Английский король и его советники изучали предложения легатов в течение последней недели февраля 1376 года и отнеслись к ним реалистично. В их ответе, в котором они спорили по деталям, но соглашались с основными принципами, чувствовалась усталость. В конце концов, от них не требовали уступить ничего такого, чего бы они еще не потеряли. Они отказались от надежды, которую когда-то питали, переломить свою судьбу на поле боя и даже были готовы отказаться от поддержки Иоанна IV , если бы смогли удержать за собой Брест. Их главным интересом было получение как можно большей ренты за потерянные провинции. Однако, когда заседания возобновились 4 марта 1376 года, стало очевидно, что опасения французов носили более фундаментальный характер. Их беспокоил статус английского короля в провинциях, которые он продолжал занимать в течение следующих сорока лет и они не были готовы согласиться с тем, чтобы он называл себя там королем Франции. Они не давали никаких обещаний относительно того, будут ли принимать апелляции из английского герцогства во время перемирия. Таким образом, проблема суверенитета, в конце концов, не была решена. Вторая сессия конференции закончилась, как и первая, тупиком и временным перемирием. 12 марта 1376 года было решено продлить действующее перемирие на девять месяцев до 1 апреля 1377 года. Послы должны были встретиться снова 1 июля, чтобы дать окончательные ответы своих правительств на предложения легатов. Тем временем французские королевские герцоги обещали сделать все возможное, чтобы сдержать Бертрана Дю Геклена, новости о действиях которого в Перигоре начали доходить до делегаций в Брюгге, и убедить Энрике II отменить морскую кампанию, которую он планировал на лето. Но они не дали никаких гарантий ни по одному из этих пунктов. Когда английская делегация вернулась в Вестминстер в начале апреля 1376 года, она, должно быть, чувствовала, что мало чего добились[362]362
  PRO E364/8, m. 4 (Шеппи); 'Anglo-French negotiations', 37–43; Foed., iii, 1048; PRO E101/317/10, 11, 19.


[Закрыть]
.

* * *

Через три недели после возвращения английской делегации буря разочарования и гнева, спровоцированная семью годами неэффективного правления и военными поражениями, обрушилась на головы министров Эдуарда III. 28 апреля 1376 года в Вестминстере открылся Парламент. На следующий день, в первый рабочий день, канцлер, сэр Джон Найвет, произнес традиционную речь, объясняя причины созыва. Главными заботами короля, объявил он, были оборона Англии и ведение войны на континенте. Для решения этих задач правительству, как всегда, требовались новые субсидии. Найвет попросил десятину у духовенства, десятую и пятнадцатую части у мирян и продление действия таможенных пошлин по крайней мере на год. Эти требования были сравнительно скромными. Но они стали прелюдией к крупному политическому кризису, первому из череды внутренних потрясений, которым суждено было подорвать военные усилия Англии в течение следующих двух десятилетий и изменить отношение английского правительства к миротворческому процессу.

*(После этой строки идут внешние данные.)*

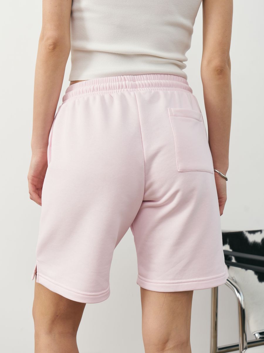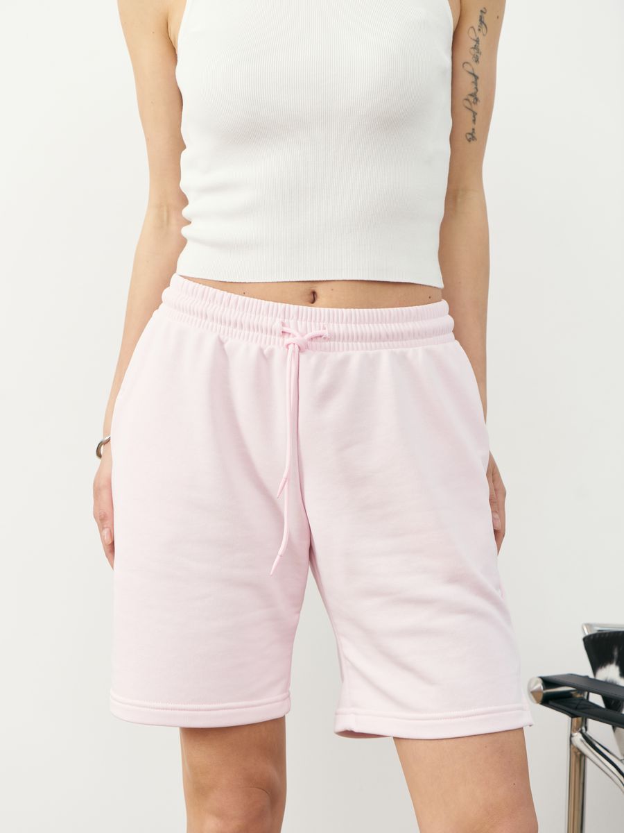 Женские шорты из футера 3-х нитка петля, с отрезным поясом, строчёным с эластичной тесьмой. С лицевой стороны пояса петли, через которые продет шнур. По боковым швам внизу – разрезы. 2 боковых кармана. На правой задней половинке шорт – накладной карман. Низ шорт подшит на плоскошовной машине.

После речи канцлера члены Палаты Общин удалились на свое обычное место для обсуждения в большой многоугольный дом капитула Вестминстерского аббатства. Там требования правительства сразу же встретили лавину возражений. Первый отход от традиций произошел почти сразу, когда кто-то предложил, чтобы все члены Палаты Общин принесли клятву откровенно высказывать свои мысли и оказывать друг другу взаимную поддержку против гнева короля. Парламентарии произносили свои речи за закрытыми дверями, обращаясь к переполненному залу с большого резной трибуны у центральной колонны. Первый выступающий, безымянный рыцарь, заявил, что народ настолько ослаблен и обнищал из-за прошлых податей, что больше не может платить. "Более того, – сказал этот человек, – в течение многих лет все, что мы платили за ведение войны, было растрачено из-за некомпетентности и предательства". "Король должен жить за счет доходов королевского домена, не напрягая своих подданных. У него было много золота и серебра, принадлежащего ему лично, и ему нужно лишь извлечь их из тайных кладовых министров, которые их присвоили". После него на трибуну вышел другой рыцарь, чтобы продолжить новую тему. Он утверждал, что король тратит 8.000 фунтов стерлингов в год на оборону Кале, в то время как все расходы могли бы взять на себя купцы города имевшие монополию на внешнюю торговлю Англии, а не Казначейство. За этим рыцарем последовала череда ораторов, высказывавших те же соображения во все более обвинительных тонах. В конце концов, было решено, что это трудные вопросы, по которым необходимо заручиться поддержкой Палаты Лордов. 3 мая 1376 года, после трехдневного обсуждения между собой, парламентарии начали составлять список мошенничеств и других проступков, которые они хотели бы поставить в вину министрам и чиновникам короля. Эта работа все еще продолжалась 9 мая, когда один из рыцарей королевского двора, сэр Алан Баксхалл, прибыл к дверям дома капитула аббатства с раздраженным посланием от короля. Он хотел знать, почему они так долго не соглашаются на его требования, и призвал их предстать перед королем и пэрами. Палата Общин избрала первого известного спикера палаты в качестве своего представителя. Им стал сэр Питер де Ла Маре, стюард и друг графа Марча[363]363
  Parl. Rolls, v, 295 (1, 2); Anonimalle, 80–3.


[Закрыть]
.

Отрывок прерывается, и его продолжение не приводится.